The Story
Why it exists.
The beginning
Grès built this fragrance as part of a three-fragrance collection honoring Marlene Dietrich, one of cinema's most magnetic figures. The collection, My Life, My Dream, My Passion, arrived in 2007, each scent a different angle on the same woman. The Shanghai Express poster, the sharp angles, the games with color and costume, Dietrich understood that identity is a performance, and every act reveals something new. Perfumer Sidonie Lancesseur translated that philosophy into a composition that shifts from cool fruit to warm floral to powdery close, three movements that feel like three different women wearing the same skin.
The note structure is deceptively simple: a fruity-floral opening, a single heart note, and a warm base. But that simplicity is the point.

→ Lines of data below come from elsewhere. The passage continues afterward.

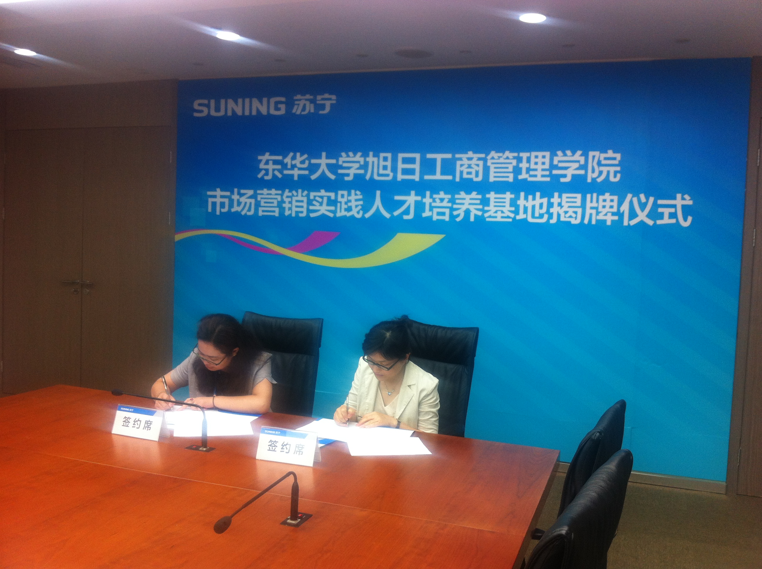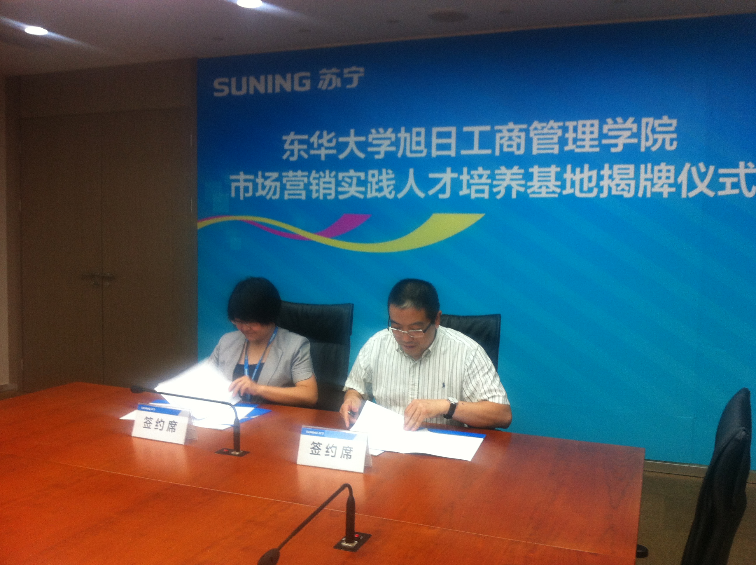 2013年7月17日,91直播 91直播 市场营销实践人才培养基地签约挂牌仪式在苏宁云商集团上海地区管理中心举行。91直播 副院长张科静、工商管理系主任刘东胜、副主任杨志勇、学生工作办公室江娥、高加加参加签约仪式,苏宁云商上海地区管理中心副总经理王鲲、人力资源总监王志英、人力资源部招聘经理周玲出席仪式。
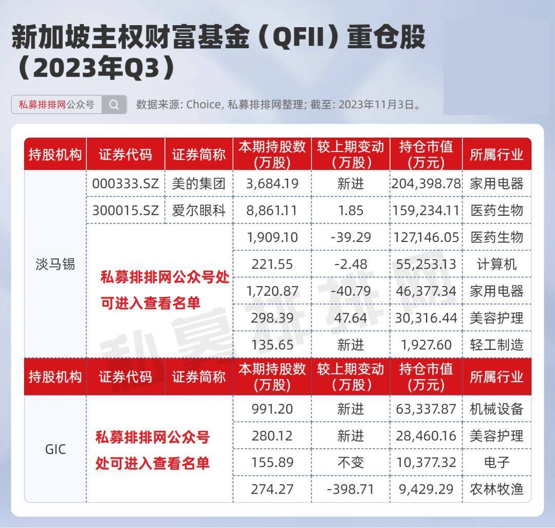 在2023年第三季度,淡马锡和GIC的QFII账户同步加仓,截至季度末,淡马锡新进两家公司十大流通股股东名单,曝光持股总市值较年中增加近22亿元,增长过半;GIC也新进两家,持股总市值较年中增加近6.4亿,增加了一倍还多。
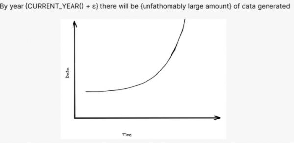 我们在谷歌使用这个幻灯片很多年了。当我转到 SingleStore 时,他们虽使用的是自己的版本,但有着相同的图表。我见过其他几个供应商也有类似的图表。这是“恐吓”幻灯片:大数据来了!你需要买我卖的东西!
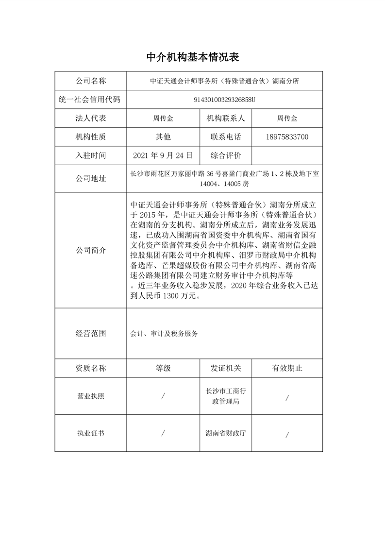 中证天通会计师事务所(特殊普通合伙)湖南分所
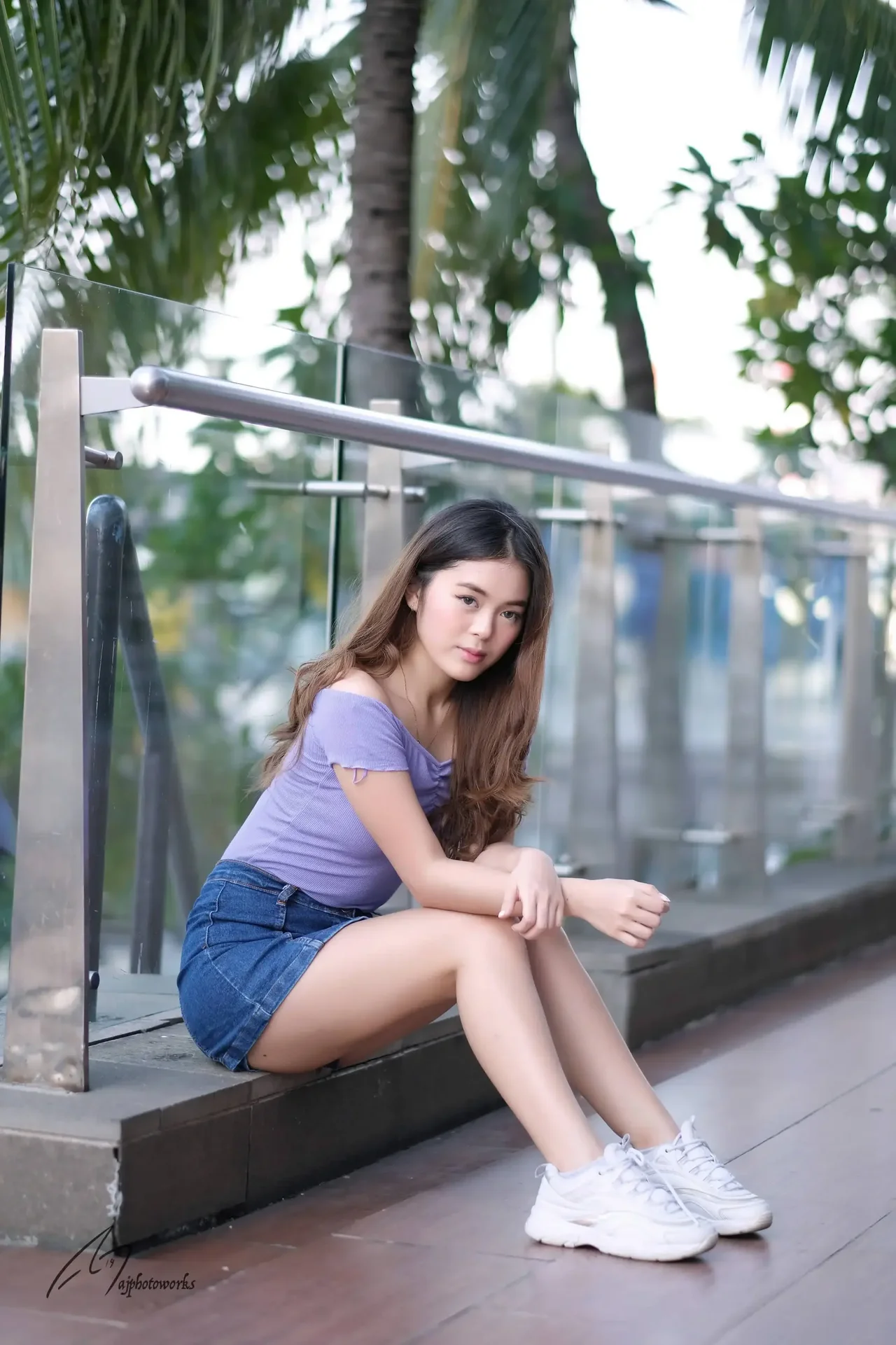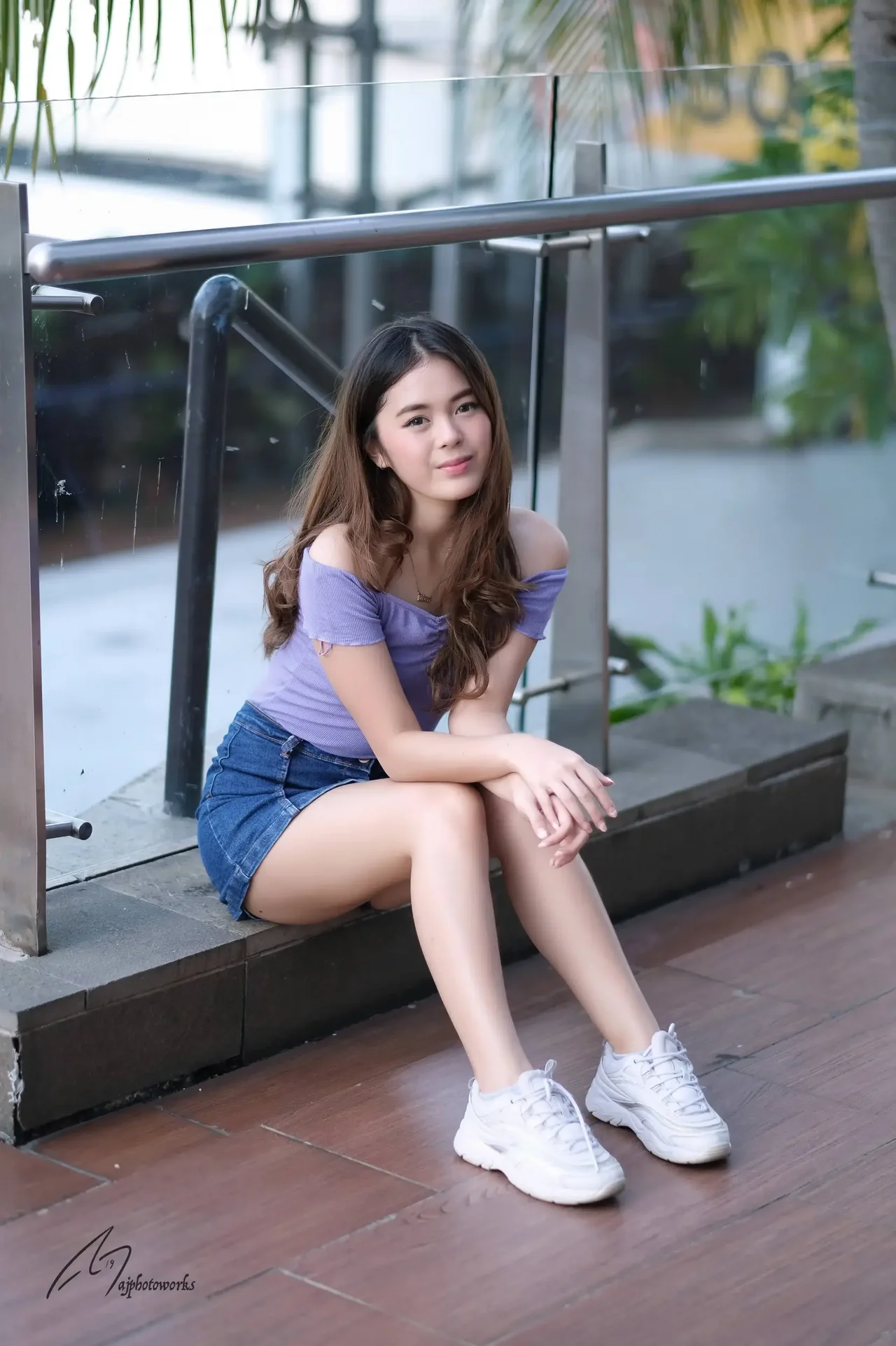 A poised young woman in a stylish ensemble of a purple off-the-shoulder top and denim skirt leans casually against a modern glass railing, showcasing a blend of casual elegance and contemporary fashion.
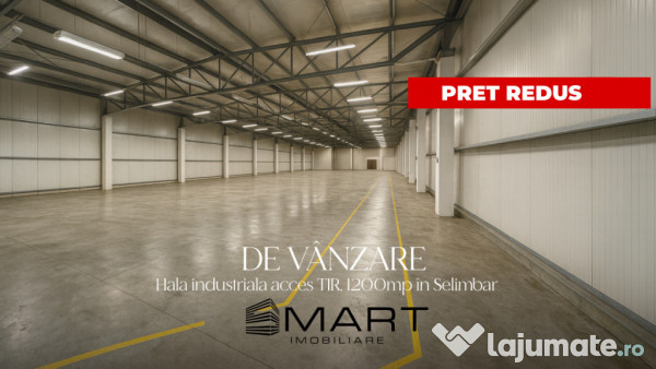 Smart Imobiliare propune la vânzare un spatiu industrial in zona Mall - Selimbar compus din hala productie + birouri astfel : avem la parter o hala de 1200mp cu trifazic putere mare pana la 160kw, pretabila pentru diverse activitati, dotata cu sapa elicpterizata, supraveghere video, alarma, pompe de caldura/racire, acces tir, rafturi etc. La etajul 1,2,3 avem birouri in suprafata de aproximativ 900mp, vestiare, toalete/bai, camere depozitare etc. Spatiul detine autorizatie ISU. Proprietatea are curte , locuri de parcare si este disponibila imediat. Pentru mai multe detalii sunati agentul si precizati la telefon ca ati vazut oferta cu ID : P16614.
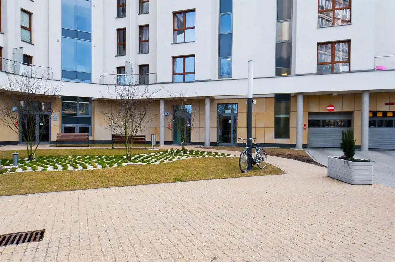 Budynek klasy apartamentowca, bardzo zadbany, wokół sporo zieleni, sklepy punkty usługowe, przystanki komunikacji miejskiej,
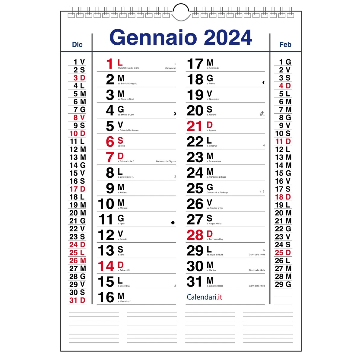Calendario 2024 da muro mod. XL con più spazio per scrivere. (A3
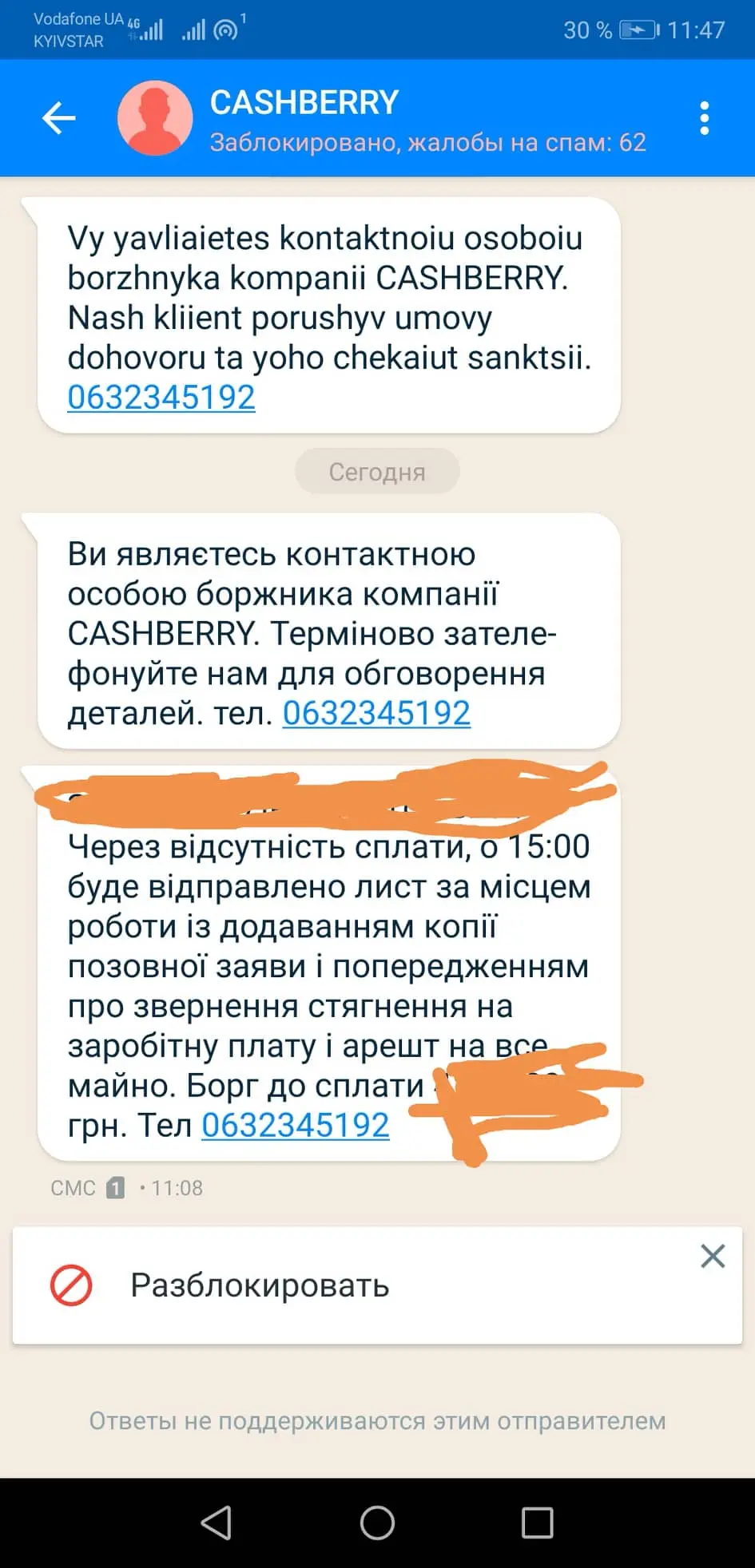 Перші рішення суду на користь CASHBERRY щодо стягнення боргу ухвалено. Строк винесення рішення до 1-го міс. Ваша справа наступна. Копію позовної заяви сьогодні направляємо за адресами реєстрації та роботи. Борг 5 490,00 грн. Тел.0632345192
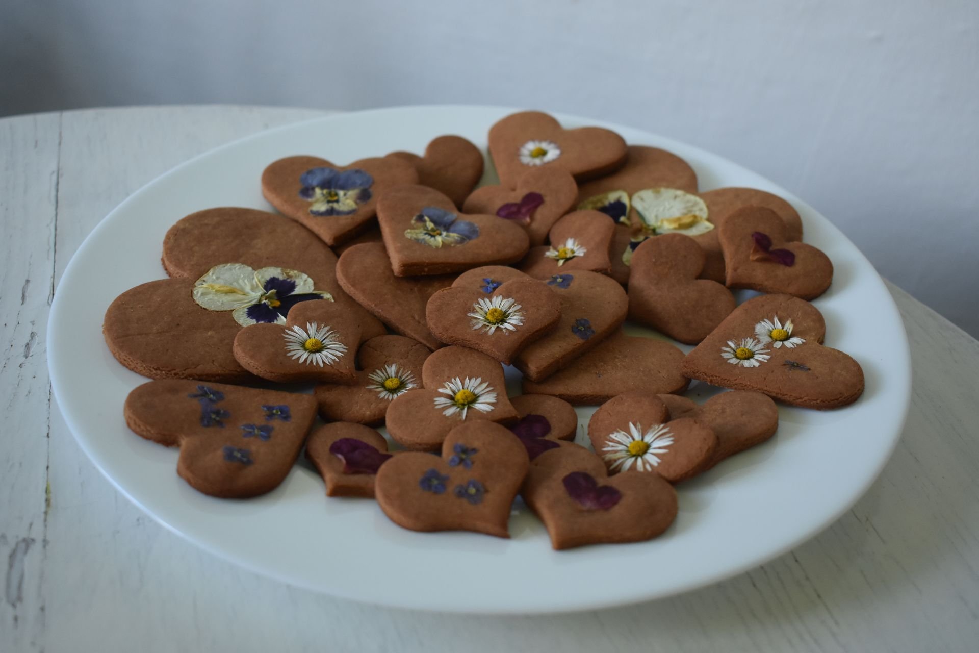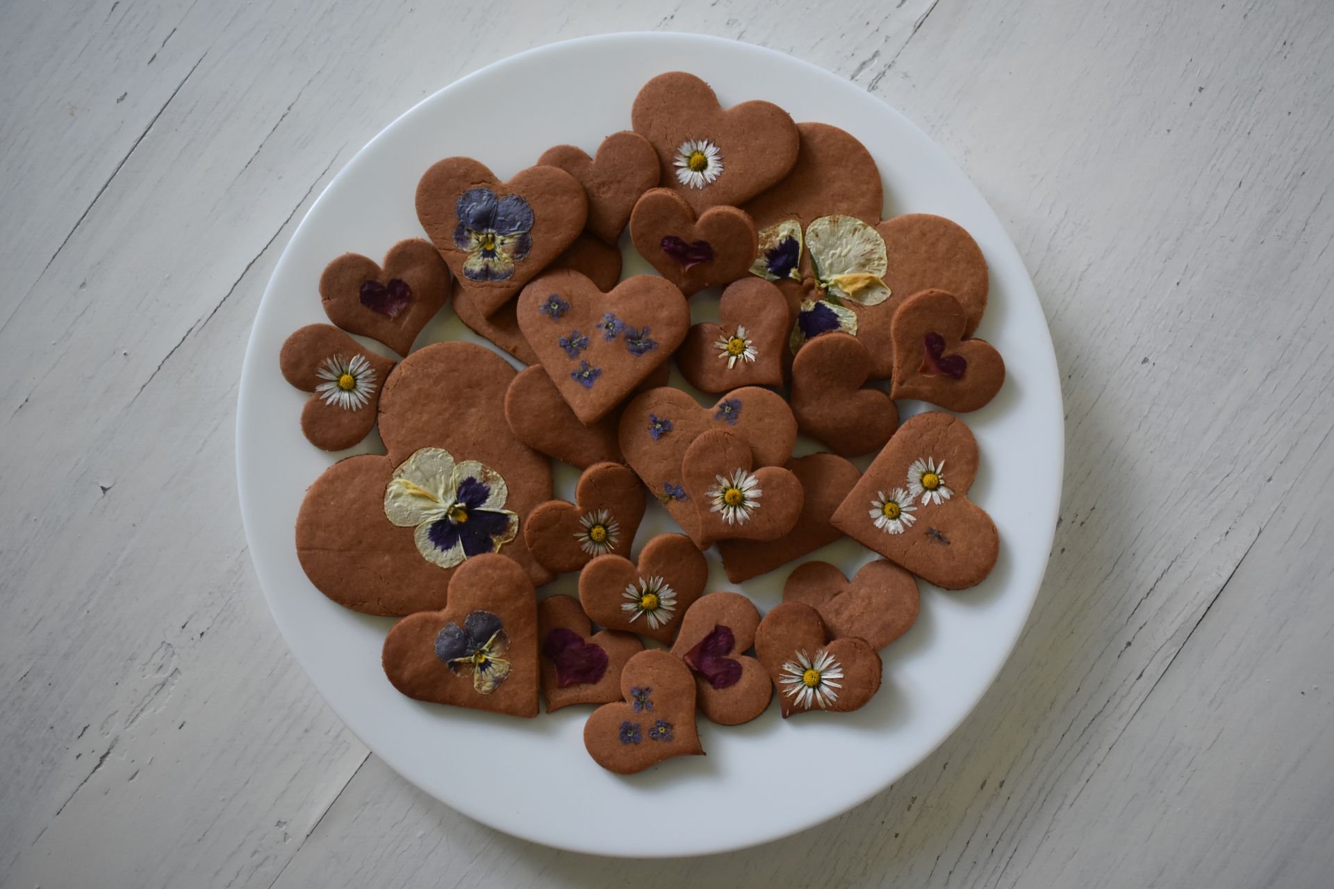 Sušenky jsou zdobené květy macešek, rozrazilu, sedmikrásky a srdíčky z lístků růže stolisté.
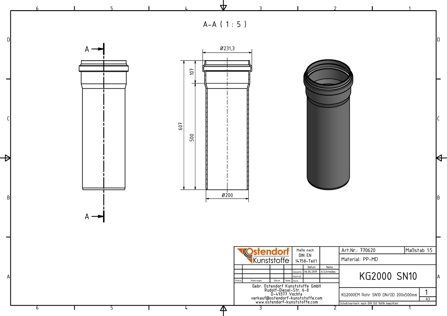 Ostendorf KG2000 Rohr SN 10 EM DN/OD 200, 500 mm, mit Muffe
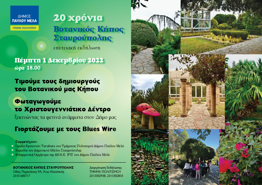 Ο Δήμαρχος Παύλου Μελά Δημήτρης Δεμουρτζίδης και ο Αντιδήμαρχος Πολιτισμού – Αθλητισμού Παντελής Νιγδέλης σας προσκαλούν στην επετειακή εκδήλωση για τα 20 χρόνια του Βοτανικού Κήπου Σταυρούπολης που θα πραγματοποιηθεί την Πέμπτη 1 Δεκεμβρίου 2022 και ώρα 18.30.

The orange blossom doesn't compete with anything, it simply takes over, dominating the heart phase for hours. The cinnamon in the opening is a smart move: it gives the cool lily of the valley and red apple something to argue with, creating tension that makes the warm, powdery vanilla-and-ambergris drydown feel earned rather than inevitable.
The evolution
The opening hits bright and tart, red apple and lily of the valley together, a little green, a little sweet. Cinnamon arrives within minutes and warms the whole thing up. The handoff to orange blossom is the whole story of this fragrance: it doesn't fade so much as it gets replaced by something bigger and warmer, a floral heart that holds the stage for hours. On some skin, it stays indolic, that vintage, skin-close quality that the modern nose sometimes reads as too much but is actually the whole point. The drydown is vanilla and ambergris doing quiet work, powdery and intimate, the kind of warmth that exists between two people standing close, not announced across a room. It lasts well past midnight on fabric.
Cultural impact
Grès released this as part of a collection that treated Dietrich not as a museum piece but as a living principle: that identity shifts with light, costume, and desire. The three-fragrance concept, each one a different mood, same bottle form, different color, was a neat piece of perfume philosophy before that kind of thing became common. My Passion sits comfortably among vintage-style white florals, in the territory of established houses, and wears that lineage without apology.